[Stored data entries]

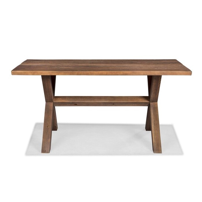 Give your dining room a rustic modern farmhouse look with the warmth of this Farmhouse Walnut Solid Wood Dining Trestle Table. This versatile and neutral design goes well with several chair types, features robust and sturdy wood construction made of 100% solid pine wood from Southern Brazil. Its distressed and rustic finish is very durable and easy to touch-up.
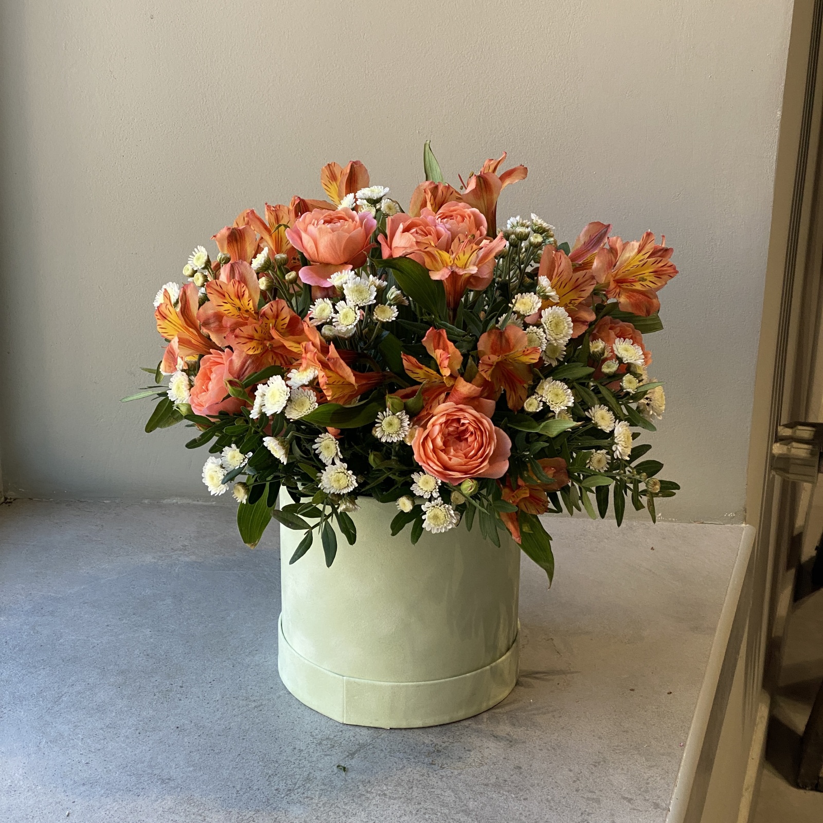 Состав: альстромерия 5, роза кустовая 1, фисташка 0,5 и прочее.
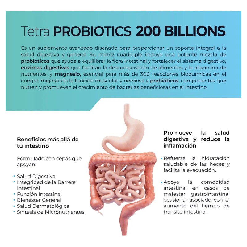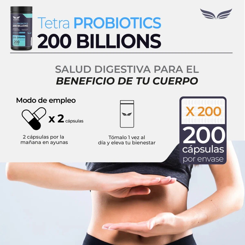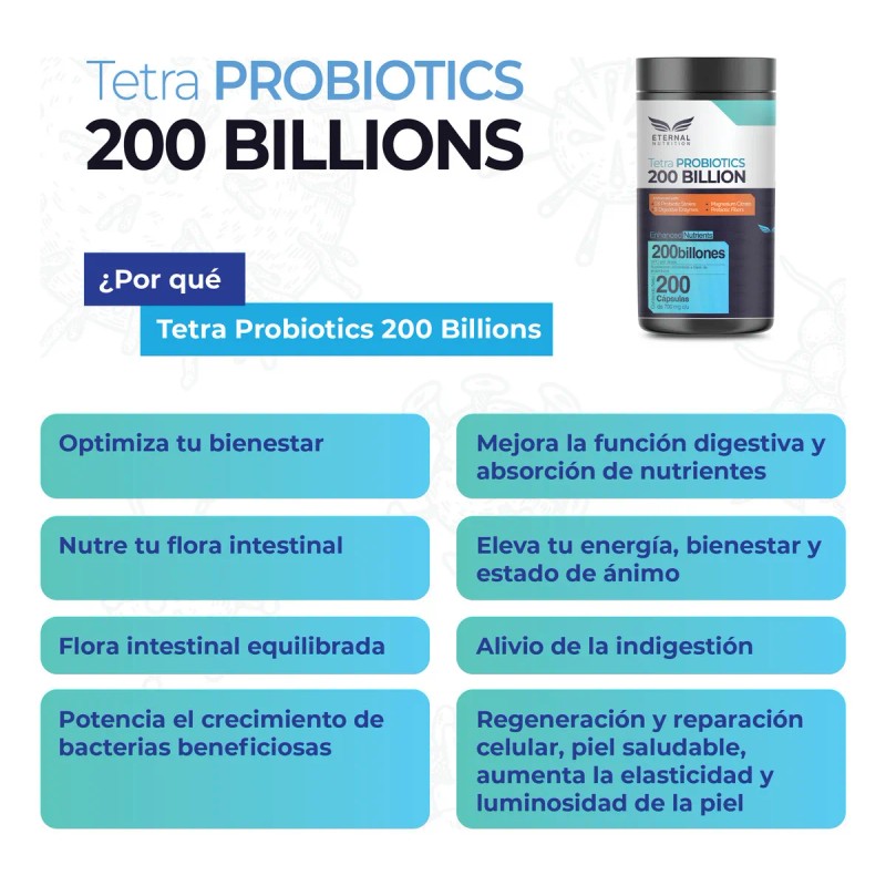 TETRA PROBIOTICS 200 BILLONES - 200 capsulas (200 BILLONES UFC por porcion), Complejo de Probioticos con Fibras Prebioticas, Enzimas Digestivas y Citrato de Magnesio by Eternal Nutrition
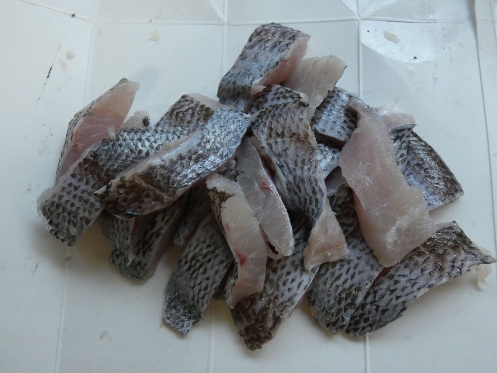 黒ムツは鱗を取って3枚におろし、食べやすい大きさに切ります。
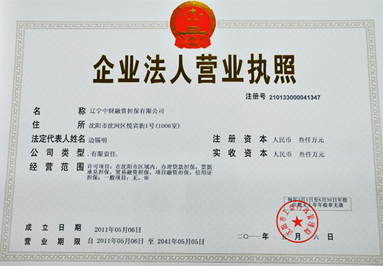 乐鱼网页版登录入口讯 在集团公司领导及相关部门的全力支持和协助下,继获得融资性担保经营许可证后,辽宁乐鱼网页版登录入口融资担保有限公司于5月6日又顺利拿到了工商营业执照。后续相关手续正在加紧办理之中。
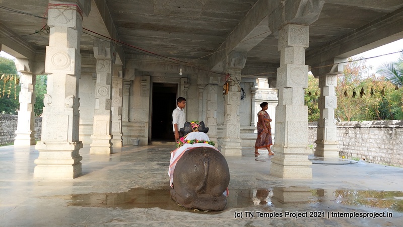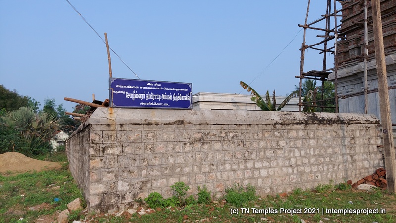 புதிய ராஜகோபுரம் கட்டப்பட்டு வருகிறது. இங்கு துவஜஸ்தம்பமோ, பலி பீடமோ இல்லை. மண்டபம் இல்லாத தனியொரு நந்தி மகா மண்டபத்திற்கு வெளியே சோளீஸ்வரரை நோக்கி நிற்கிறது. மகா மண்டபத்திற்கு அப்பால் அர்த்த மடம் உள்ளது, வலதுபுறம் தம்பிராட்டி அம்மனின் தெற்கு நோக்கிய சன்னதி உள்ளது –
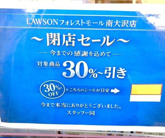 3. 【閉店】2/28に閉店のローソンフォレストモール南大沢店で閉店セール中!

▸ **Exercise**:
None of the pictures should appear; the rest of the entries must be reproduced exactly.

▸ **Answer section**:
 Give your dining room a rustic modern farmhouse look with the warmth of this Farmhouse Walnut Solid Wood Dining Trestle Table. This versatile and neutral design goes well with several chair types, features robust and sturdy wood construction made of 100% solid pine wood from Southern Brazil. Its distressed and rustic finish is very durable and easy to touch-up.
 Состав: альстромерия 5, роза кустовая 1, фисташка 0,5 и прочее.
 TETRA PROBIOTICS 200 BILLONES - 200 capsulas (200 BILLONES UFC por porcion), Complejo de Probioticos con Fibras Prebioticas, Enzimas Digestivas y Citrato de Magnesio by Eternal Nutrition
 黒ムツは鱗を取って3枚におろし、食べやすい大きさに切ります。
 乐鱼网页版登录入口讯 在集团公司领导及相关部门的全力支持和协助下,继获得融资性担保经营许可证后,辽宁乐鱼网页版登录入口融资担保有限公司于5月6日又顺利拿到了工商营业执照。后续相关手续正在加紧办理之中。
 புதிய ராஜகோபுரம் கட்டப்பட்டு வருகிறது. இங்கு துவஜஸ்தம்பமோ, பலி பீடமோ இல்லை. மண்டபம் இல்லாத தனியொரு நந்தி மகா மண்டபத்திற்கு வெளியே சோளீஸ்வரரை நோக்கி நிற்கிறது. மகா மண்டபத்திற்கு அப்பால் அர்த்த மடம் உள்ளது, வலதுபுறம் தம்பிராட்டி அம்மனின் தெற்கு நோக்கிய சன்னதி உள்ளது –
 3. 【閉店】2/28に閉店のローソンフォレストモール南大沢店で閉店セール中!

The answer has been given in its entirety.